Mas vale o aviso: depressão, fobias, pânicos e quaisquer outros transtornos da mente, em geral, não constituem “frescura” , “piti” ou fraqueza de caráter. Busque ajuda com profissionais competentes, que “entrem no seu barco” e o ajudam a sair dessa tempestade, desse furacão de queixas, problemas e dificuldades. Chegar à terra firme, encontrar soluções exige maturidade e uma nova visão de si e dos demais.
Quando isso acontecer, você será brindado com uma sensação permanente de bem-estar, equilíbrio e alegria de viver. Tudo valeu a pena, ainda que vida seja uma sucessão ininterrupta de desafios numa busca constante de aprendizado, adaptação e aperfeiçoamento.
Diante da polêmica em torno do sofrimento físico e/ou psíquico vale considerar alguns pontos:
• Erram os médicos que são radicalmente organicistas – buscando apenas no plano biológico a razão de todos os males espirituais. Falta-lhes a visão psicológica, afetiva e espiritual.
• Erram aqueles psicólogos, psiquiatras, terapeutas que tentam explicar tudo baseados em aspectos puramente psicológicos, ambientais, familiares, relacionais ou sociais. Falta-lhes a visão neurocientífica, que é essencial para se entender tais sofrimentos.
Quando é identificado um fator objetivo, um quadro depressivo ou ansioso ligado a uma disfunção biológica, é fundamental interferir cientificamente, pois nem sempre basta o incentivo de familiares e amigos ou a força de vontade de quem sofre desses males. Ou seja, se a depressão ou ansiedade está ligada a alguma alteração nos neurotransmissores cerebrais, na serotonina, dopamina, noradrenalina ou, é preciso, sim, lançar mão de exames, medicação ou ecologia humana.

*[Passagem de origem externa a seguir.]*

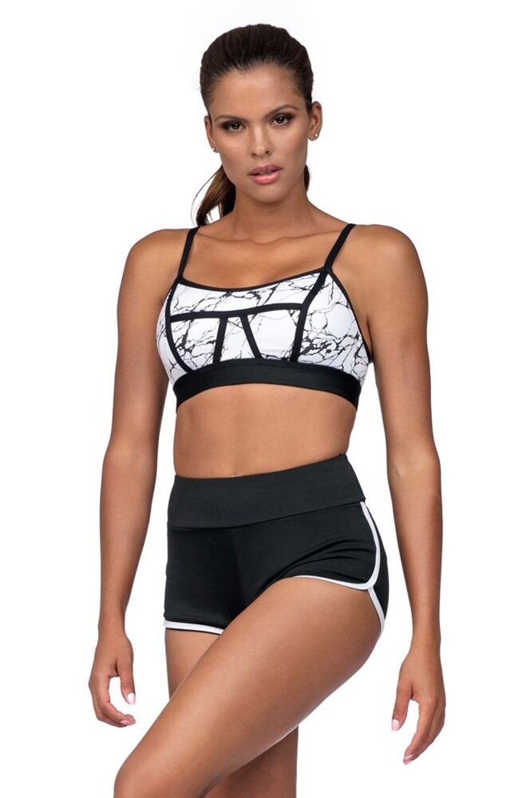Dámské fitness šortky s kontrastním pruhem na boku a dolním okraji. Dámské fitness šortky s kontrastním pruhem na boku a dolním okraji. Materiál: 87% polyester, 13% polyuretan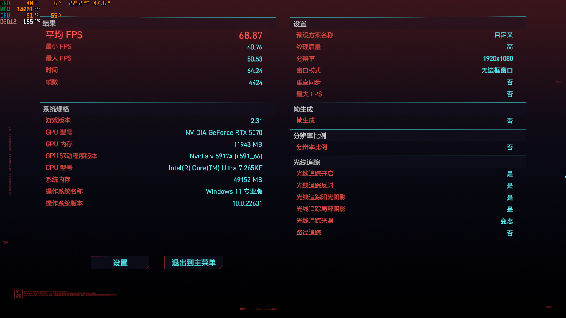 在画质标杆级 3A 大作《赛博朋克 2077》的实测环节中,我们将画质档位拉满至1080P 超级画质,且全程未启用任何超分技术。实测数据显示,该平台游戏平均帧率高达 68.5 FPS,1% Low 帧率也稳定在 55.6 FPS 的水平。即便是在光影特效密集的夜之城街头,或是爆炸、追逐等大规模动态场景下,画面依旧保持丝滑无卡顿的流畅表现。这一成绩不仅印证了酷睿 Ultra 7 265KF 对高负载游戏的出色算力支撑,更体现出整套平台在图形处理与数据运算上的均衡实力,为玩家带来兼具细腻画质与流畅体验的沉浸式游戏享受。
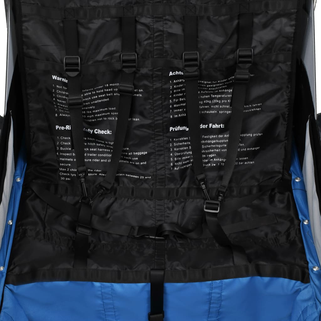 Această remorcă de bicicletă pentru copii are un cadru solid din oțel și este fabricată din țesătură oxford, fiind impermeabilă, durabilă și ușor de întreținut. Copertina rezistentă la intemperii și ecranul cu plasă protejează copiii de ploaie sau de soare, iar cele două geamuri laterale transparente oferă o panoramă superbă a drumului. Sistemul de hamuri cu 5 puncte de siguranță oferă protecție optimă copiilor dvs. Această remorcă de bicicletă pentru copii are culori de o vizibilitate ridicată și reflectoare pentru roți, pentru o vizibilitate maximă, la care se adaugă o frână de mână, pe roata din față, pentru o siguranță sporită la coborâre. Cele două buzunare interioare oferă un spațiu amplu de depozitare pentru alimente, jucării și alte obiecte necesare. Datorită racordului de siguranță rotativ, remorca va rămâne în poziție verticală, dacă bicicleta se răstoarnă.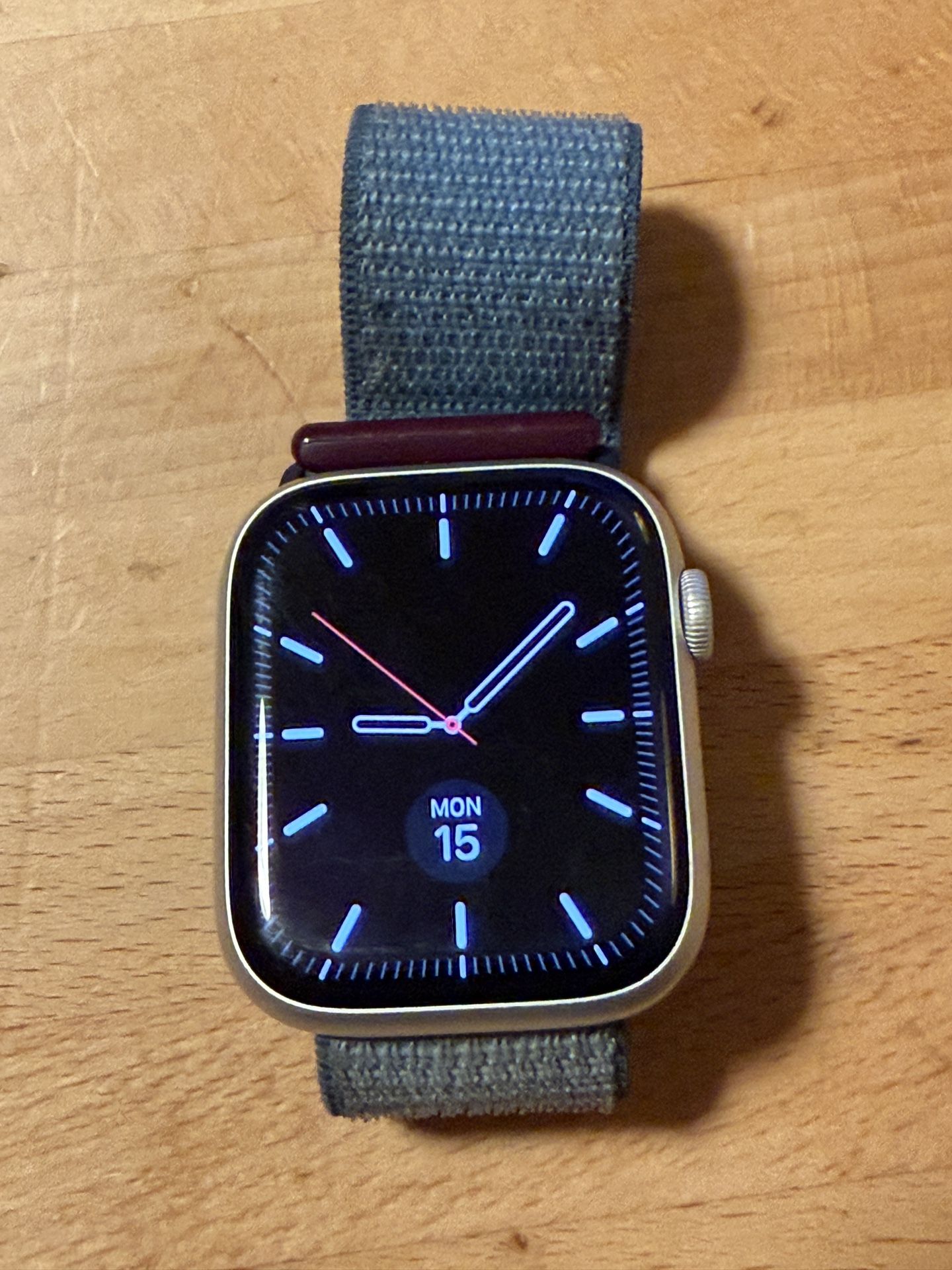 For sale: Apple Watch Series 9. Silver, 45 mm, with Winter Blue Sport Loop. WiFi version (not cellular). Comes with charger (of course) and original box. Perfect condition. Battery health: 92%. Factory-reset and ready to go. Selling because I bought an Apple Watch Ultra. Asking price: $160 OBO. Cash only. Thanks! --Ron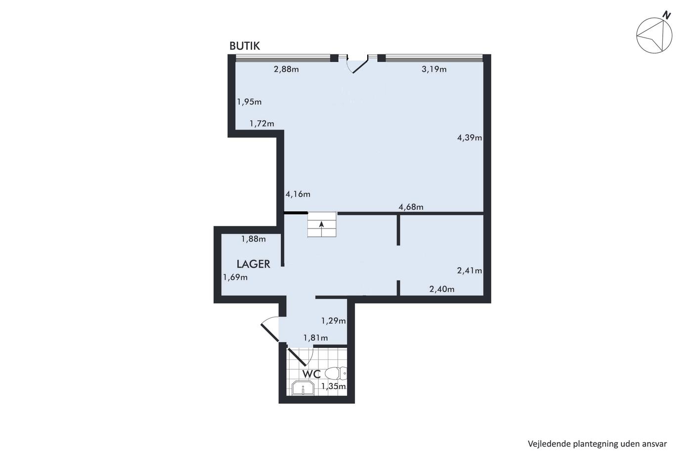 Lejemålet omfatter pænt og bredt butikslokale med flisebelægning, hvide glatte vægge. Herefter via trappe med 3 trin er der fra butik adgang til pænt toilet samt 2 mindre kontorer/rum. I alt ca. 59 m².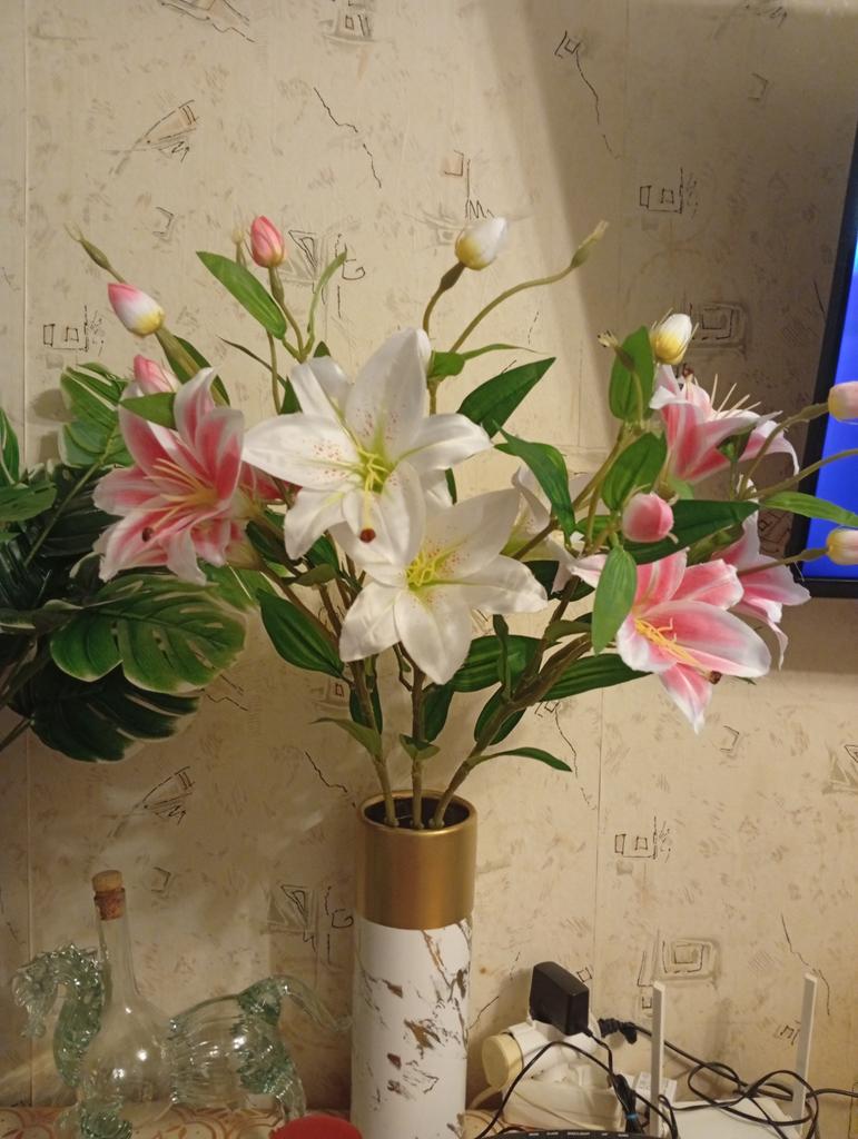 The lilies are magnificent!!! I bought three branches: 2 pink and 1 white. They got a little deformed on the way, but everything quickly recovered. Thank you very much for the beauty!

Nesse caso existe um “erro de funcionamento” que deve ser diagnosticado e tratado. Porém, sendo um problema mais subjetivo, como luto, perda financeira ou separação, muitas vezes o apoio psicoterapêutico é suficiente.
Não existe nem boa nem má experiência. Toda e qualquer experiência existe para ser aprendida e servirá como base de amadurecimento e evolução. E, como diria Gandhi:
“Se eu pudesse deixar algum presente a você, deixaria aceso o sentimento de amar a vida dos seres humanos, a consciência de aprender tudo o que foi ensinado pelo tempo afora, lembraria os erros que adoram cometidos para que não se repetissem, a capacidade de escolher novos rumos. Deixaria para você o respeito aqui que é indispensável: além do pão, do trabalho, além do trabalho, a ação e, quando tudo mais faltasse, um segredo: o de buscar no interior de si mesmo a resposta e a força para encontrar a saída”.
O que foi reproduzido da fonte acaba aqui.